**WORK INSTRUCTION**
Only what runs from the line with "Le groupe français" to the end of the data should appear in the answer, exactly as written and without pictures.

**DATA SHOWN**
□ □ □ □ □ □ □
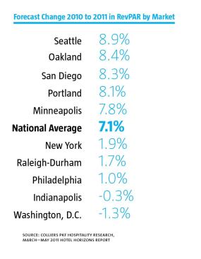 The recovery, which is already under way, is characterized by increased demand and a rebound in revenue per available room (RevPAR). In 2010, RevPAR jumped by 5.5 percent, according to the March–May 2011 Horizons Report from Colliers PKF Hospitality Research. The same report forecasts that U.S. hotels should achieve a 7.1 percent increase in RevPAR and lodging accommodation demand should increase by 4 percent in 2011.
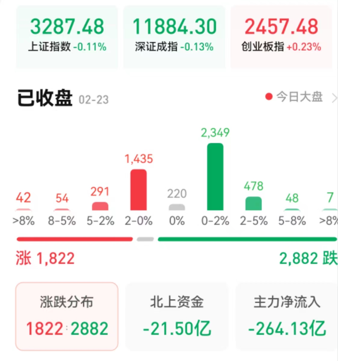 周四(2月23日),A股三大指數(shù)繼續(xù)震蕩分化。截至收盤(pán),上證指數(shù)跌0.11%報(bào)3287.48點(diǎn),深證成指跌0.13%報(bào)11884.3點(diǎn),創(chuàng)業(yè)板指漲0.23%報(bào)2457.48點(diǎn);兩市合計(jì)成交8073億元,北向資金凈賣(mài)出21.5億元??傮w上看,兩市個(gè)股跌多漲少。
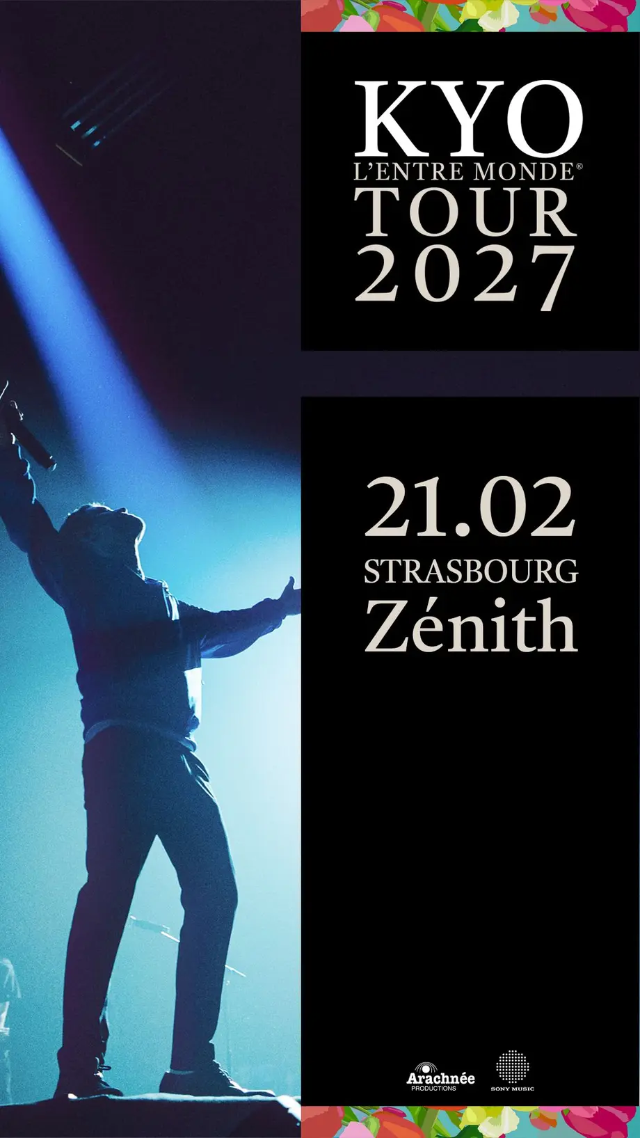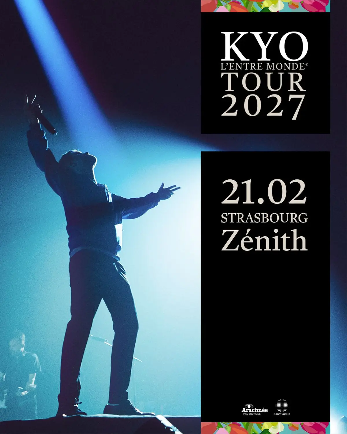 Le groupe français Kyo fait son grand retour sur scène avec "L'Entre Monde", un concert événement prévu le dimanche 21 février 2027 à 18h au Zénith de Strasbourg. Après une tournée anniversaire ayant réuni plus de 500 000 spectateurs, le quatuor français présente son show le plus ambitieux à ce jour. Cette date unique à Strasbourg s'annonce comme l'un des rendez-vous musicaux majeurs de l'année 2027 en Alsace. Les billets sont disponibles à partir de 45 €, ne tardez pas à réserver votre place pour cette soirée exceptionnelle.
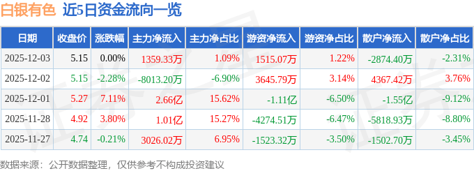 证券之星消息,截至2025年12月3日收盘,白银有色(601212)报收于5.15元,上涨0.0%,换手率3.23%,成交量239.03万手,成交额12.45亿元。
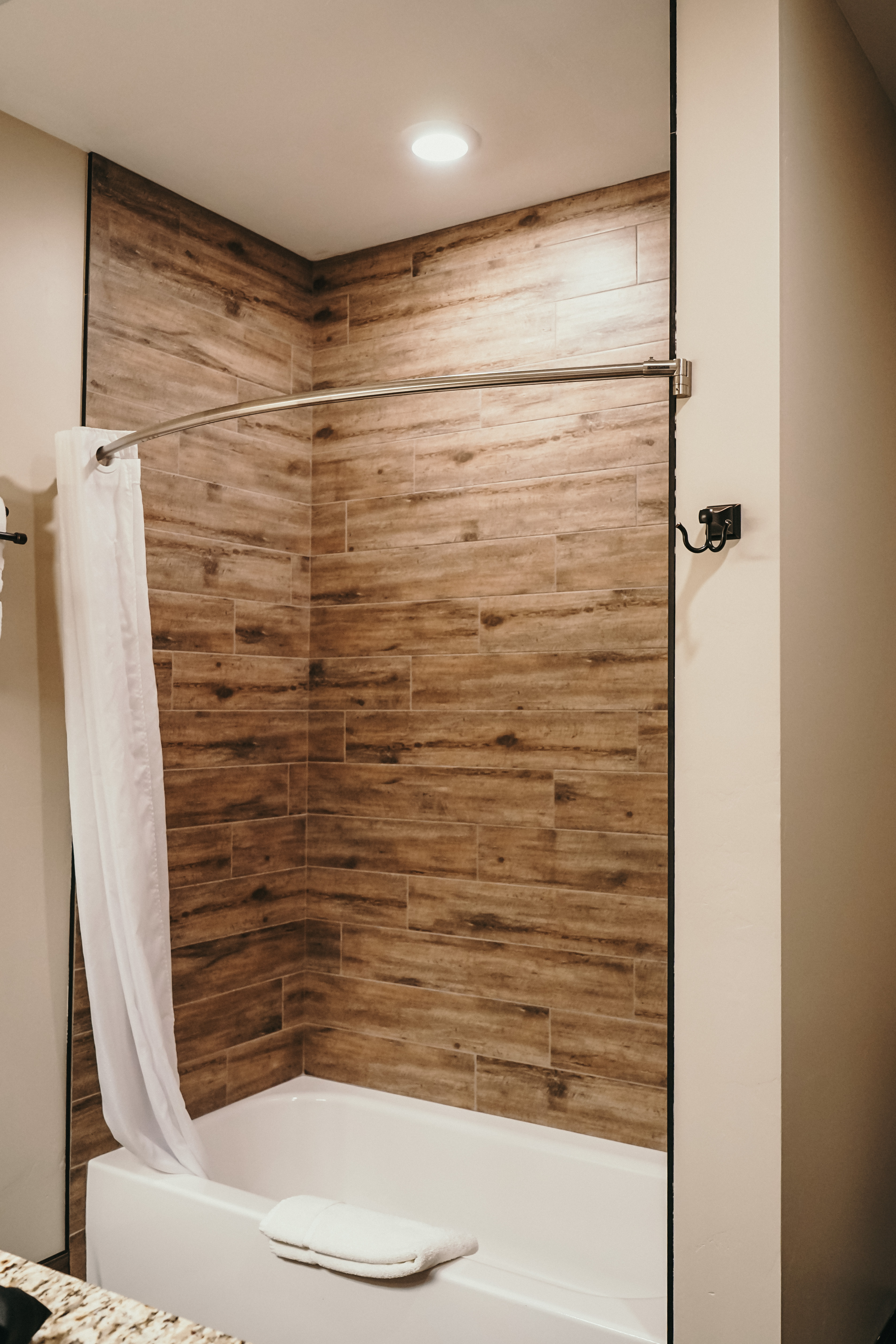 King Bed, Full Shower with Tub, Mini Fridge, Microwave, Coffee Maker, Desk, Television, free Wi-Fi.
□ □ □ □ □ □ □
**THE ANSWER**
 Le groupe français Kyo fait son grand retour sur scène avec "L'Entre Monde", un concert événement prévu le dimanche 21 février 2027 à 18h au Zénith de Strasbourg. Après une tournée anniversaire ayant réuni plus de 500 000 spectateurs, le quatuor français présente son show le plus ambitieux à ce jour. Cette date unique à Strasbourg s'annonce comme l'un des rendez-vous musicaux majeurs de l'année 2027 en Alsace. Les billets sont disponibles à partir de 45 €, ne tardez pas à réserver votre place pour cette soirée exceptionnelle.
 证券之星消息,截至2025年12月3日收盘,白银有色(601212)报收于5.15元,上涨0.0%,换手率3.23%,成交量239.03万手,成交额12.45亿元。
 King Bed, Full Shower with Tub, Mini Fridge, Microwave, Coffee Maker, Desk, Television, free Wi-Fi.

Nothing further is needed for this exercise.